** Opening AVAILABLE DATA block **

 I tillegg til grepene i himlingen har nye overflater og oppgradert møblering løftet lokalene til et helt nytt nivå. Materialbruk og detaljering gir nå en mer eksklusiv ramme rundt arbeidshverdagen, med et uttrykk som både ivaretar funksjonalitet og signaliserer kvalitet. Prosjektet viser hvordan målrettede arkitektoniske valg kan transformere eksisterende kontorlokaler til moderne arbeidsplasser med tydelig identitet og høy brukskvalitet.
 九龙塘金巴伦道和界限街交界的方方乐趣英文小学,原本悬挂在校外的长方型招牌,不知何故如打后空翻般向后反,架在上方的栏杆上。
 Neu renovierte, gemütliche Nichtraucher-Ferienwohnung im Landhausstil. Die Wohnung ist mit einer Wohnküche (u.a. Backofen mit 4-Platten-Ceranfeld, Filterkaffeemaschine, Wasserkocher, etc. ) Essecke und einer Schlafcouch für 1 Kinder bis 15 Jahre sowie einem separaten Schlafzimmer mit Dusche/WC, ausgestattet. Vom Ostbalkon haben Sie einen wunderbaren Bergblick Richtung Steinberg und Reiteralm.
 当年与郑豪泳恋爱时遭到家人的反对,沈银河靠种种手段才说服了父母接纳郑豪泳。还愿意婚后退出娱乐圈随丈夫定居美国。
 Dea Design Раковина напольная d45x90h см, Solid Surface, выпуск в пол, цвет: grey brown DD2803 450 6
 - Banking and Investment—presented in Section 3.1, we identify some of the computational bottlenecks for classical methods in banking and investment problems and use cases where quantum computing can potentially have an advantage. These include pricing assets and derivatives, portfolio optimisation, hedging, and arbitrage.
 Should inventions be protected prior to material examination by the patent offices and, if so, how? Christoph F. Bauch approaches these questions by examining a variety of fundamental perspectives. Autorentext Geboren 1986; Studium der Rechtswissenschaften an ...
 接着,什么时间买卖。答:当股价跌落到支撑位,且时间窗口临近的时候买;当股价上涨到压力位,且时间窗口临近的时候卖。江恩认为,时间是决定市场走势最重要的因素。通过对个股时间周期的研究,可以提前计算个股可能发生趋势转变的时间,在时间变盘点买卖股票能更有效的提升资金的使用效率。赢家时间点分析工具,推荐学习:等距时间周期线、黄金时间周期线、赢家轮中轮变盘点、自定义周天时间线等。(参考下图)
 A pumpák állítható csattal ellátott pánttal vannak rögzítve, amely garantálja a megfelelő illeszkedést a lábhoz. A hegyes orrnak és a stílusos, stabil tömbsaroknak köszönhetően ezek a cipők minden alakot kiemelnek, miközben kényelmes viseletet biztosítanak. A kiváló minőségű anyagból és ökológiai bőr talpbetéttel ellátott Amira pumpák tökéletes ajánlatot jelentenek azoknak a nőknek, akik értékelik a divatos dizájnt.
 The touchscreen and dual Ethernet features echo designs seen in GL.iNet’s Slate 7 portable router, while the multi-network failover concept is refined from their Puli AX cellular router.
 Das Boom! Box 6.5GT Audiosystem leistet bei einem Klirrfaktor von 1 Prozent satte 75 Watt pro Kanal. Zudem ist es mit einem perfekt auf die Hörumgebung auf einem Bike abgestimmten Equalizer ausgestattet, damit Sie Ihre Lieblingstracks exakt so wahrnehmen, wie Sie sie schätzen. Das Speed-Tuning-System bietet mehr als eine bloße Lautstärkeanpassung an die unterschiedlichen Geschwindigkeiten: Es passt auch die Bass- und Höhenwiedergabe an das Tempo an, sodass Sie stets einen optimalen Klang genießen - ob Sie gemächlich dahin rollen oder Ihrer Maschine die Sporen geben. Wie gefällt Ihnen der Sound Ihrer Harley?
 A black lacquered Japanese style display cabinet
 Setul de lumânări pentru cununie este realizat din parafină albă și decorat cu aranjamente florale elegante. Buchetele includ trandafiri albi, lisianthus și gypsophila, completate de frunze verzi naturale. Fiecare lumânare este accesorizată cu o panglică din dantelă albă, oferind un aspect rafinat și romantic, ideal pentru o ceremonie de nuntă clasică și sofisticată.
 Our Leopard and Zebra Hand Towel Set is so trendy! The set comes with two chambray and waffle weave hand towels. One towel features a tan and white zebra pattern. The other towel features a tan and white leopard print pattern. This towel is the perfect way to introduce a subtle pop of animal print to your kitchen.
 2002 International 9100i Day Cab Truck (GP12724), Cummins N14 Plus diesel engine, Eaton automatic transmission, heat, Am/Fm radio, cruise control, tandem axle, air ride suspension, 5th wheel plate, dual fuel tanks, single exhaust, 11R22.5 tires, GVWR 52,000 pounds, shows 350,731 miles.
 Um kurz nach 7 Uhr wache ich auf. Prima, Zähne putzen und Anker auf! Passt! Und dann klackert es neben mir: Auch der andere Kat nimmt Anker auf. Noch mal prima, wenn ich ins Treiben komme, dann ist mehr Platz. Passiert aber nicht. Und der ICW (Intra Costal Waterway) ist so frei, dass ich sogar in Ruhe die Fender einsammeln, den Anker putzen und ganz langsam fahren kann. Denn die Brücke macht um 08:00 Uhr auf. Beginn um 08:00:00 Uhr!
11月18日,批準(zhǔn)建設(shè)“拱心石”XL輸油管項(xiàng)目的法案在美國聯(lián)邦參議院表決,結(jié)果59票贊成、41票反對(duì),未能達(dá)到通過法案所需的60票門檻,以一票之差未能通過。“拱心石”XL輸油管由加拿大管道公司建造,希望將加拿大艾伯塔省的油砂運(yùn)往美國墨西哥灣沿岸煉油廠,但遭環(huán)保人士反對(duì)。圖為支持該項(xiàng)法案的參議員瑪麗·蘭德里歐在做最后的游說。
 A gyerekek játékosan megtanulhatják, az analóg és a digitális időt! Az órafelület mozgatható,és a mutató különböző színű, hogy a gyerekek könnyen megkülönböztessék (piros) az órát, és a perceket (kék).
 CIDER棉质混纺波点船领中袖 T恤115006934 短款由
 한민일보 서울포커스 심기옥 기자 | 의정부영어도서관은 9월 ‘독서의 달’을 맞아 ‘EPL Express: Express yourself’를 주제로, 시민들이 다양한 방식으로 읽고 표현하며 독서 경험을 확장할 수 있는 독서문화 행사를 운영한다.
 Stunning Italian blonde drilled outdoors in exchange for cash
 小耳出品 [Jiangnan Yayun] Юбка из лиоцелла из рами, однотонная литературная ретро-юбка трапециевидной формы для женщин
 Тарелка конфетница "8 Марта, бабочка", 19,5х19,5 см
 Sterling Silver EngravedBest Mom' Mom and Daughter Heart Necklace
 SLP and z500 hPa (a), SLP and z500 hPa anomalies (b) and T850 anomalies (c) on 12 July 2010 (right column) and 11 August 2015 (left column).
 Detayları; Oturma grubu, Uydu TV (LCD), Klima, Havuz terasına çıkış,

** Closing AVAILABLE DATA block **

EXERCISE DIRECTIONS:
What do the lines above say from the one containing "2002 International 9100i" down to the one containing "Um kurz nach"? Return them exactly, both end lines included, and only them.

SOLUTION FOR THIS PROBLEM:
 2002 International 9100i Day Cab Truck (GP12724), Cummins N14 Plus diesel engine, Eaton automatic transmission, heat, Am/Fm radio, cruise control, tandem axle, air ride suspension, 5th wheel plate, dual fuel tanks, single exhaust, 11R22.5 tires, GVWR 52,000 pounds, shows 350,731 miles.
 Um kurz nach 7 Uhr wache ich auf. Prima, Zähne putzen und Anker auf! Passt! Und dann klackert es neben mir: Auch der andere Kat nimmt Anker auf. Noch mal prima, wenn ich ins Treiben komme, dann ist mehr Platz. Passiert aber nicht. Und der ICW (Intra Costal Waterway) ist so frei, dass ich sogar in Ruhe die Fender einsammeln, den Anker putzen und ganz langsam fahren kann. Denn die Brücke macht um 08:00 Uhr auf. Beginn um 08:00:00 Uhr!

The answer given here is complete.